Avowed democratic socialist and presidential hopeful Bernie Sanders on Monday gave a rousing lesson in morality to thousands of students at the conservative Christian college Liberty University in Lynchburg, Virginia.

Following an introduction by university president Jerry Falwell Jr., whose father founded the school in 1971, Sen. Sanders immediately acknowledged two broad areas in which his and the student body’s views were likely to diverge: “the right of a woman to control her own body” and “gay rights and gay marriage.”

With that out of the way, the progressive senator from Vermont then launched into a speech in which he sought common ground with the religious right over issues “of enormous consequence to our country, and in fact, the entire world.”

As students of Christian faith, the people in attendance regularly “try to understand the meaning of morality… and try to understand, in this very complicated modern world, what we the words of the Bible means in today’s society,” he said.

Quoting the Bible—Matthew 7:12 and Amos 5:24—he continued, “in my view, it would be hard for anyone in this room today to make the case that the United States of America… [is] a just society, or anything resembling a just society.”
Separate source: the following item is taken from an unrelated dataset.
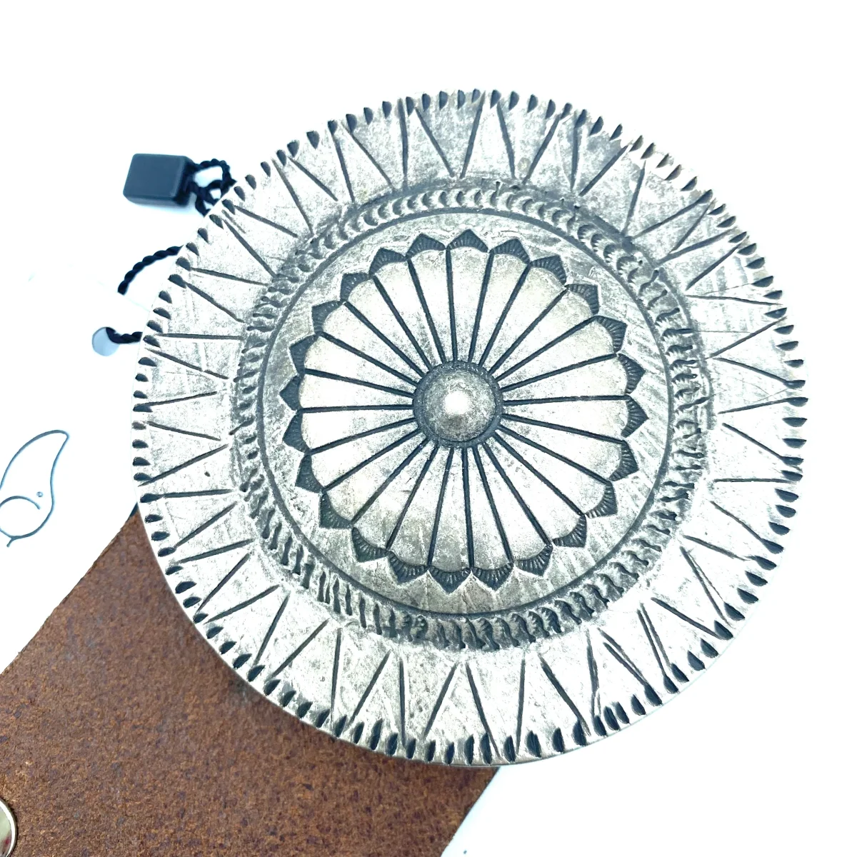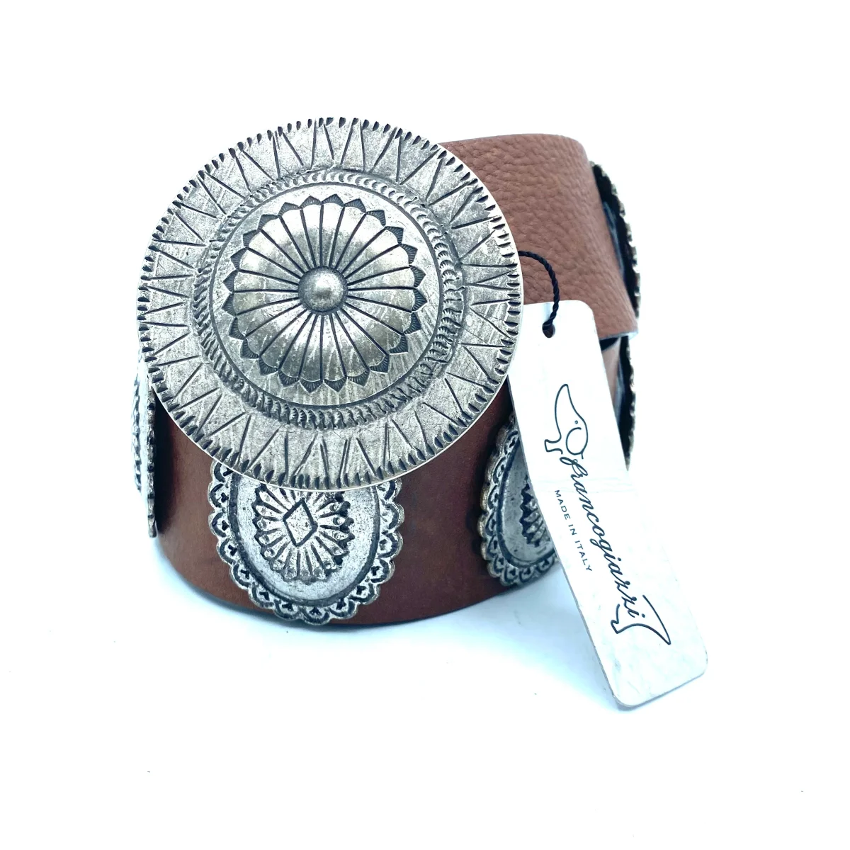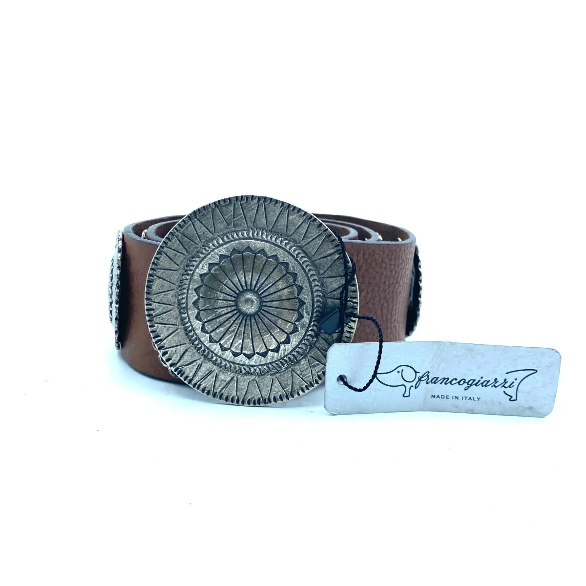 Cintura originale da donna Franco Giazzi con fibbia gioiello in metallo e applicazioni su tutta la cintura Colore marrone. 100% vera pelle. Un accessorio elegante per un look formale ma anche casual. Taglia 100 Altezza 6 cm Made in ITALY

In the U.S., “there is massive injustice in terms of income and wealth inequality. Injustice is rampant,” Sanders said. “We live…in the wealthiest country in the history of the world, but most Americans don’t know that because almost all of that wealth and income is going to the top one percent.”

Asking the students to “put this in the context of the Bible,” Sanders said that we are living at a time “when a handful of people have wealth beyond comprehension”—in the tens of billions of dollars. “And at the same moment, there are millions of people in our country—let alone rest of the world—who are struggling to feed their families, struggling to put a roof over their heads… struggling to find money in order to go to a doctor when they are sick.”

Sanders also addressed other injustices while describing his priority agenda items: increasing minimum wage, healthcare for all, paid family leave, anti-hunger programs, and reforming the system of mass incarceration.

“When we talk about morality, when we talk about justice, we have to, in my view, understand that there is no justice when so few have so much and so many have so little,” he added to great applause.

“And while the very, very rich become much richer, millions of families have no savings at all,” he continued. “That is not justice, that is a rigged economy designed by the wealthiest people in this country to benefit the wealthiest people in this country at the expense of everybody else.”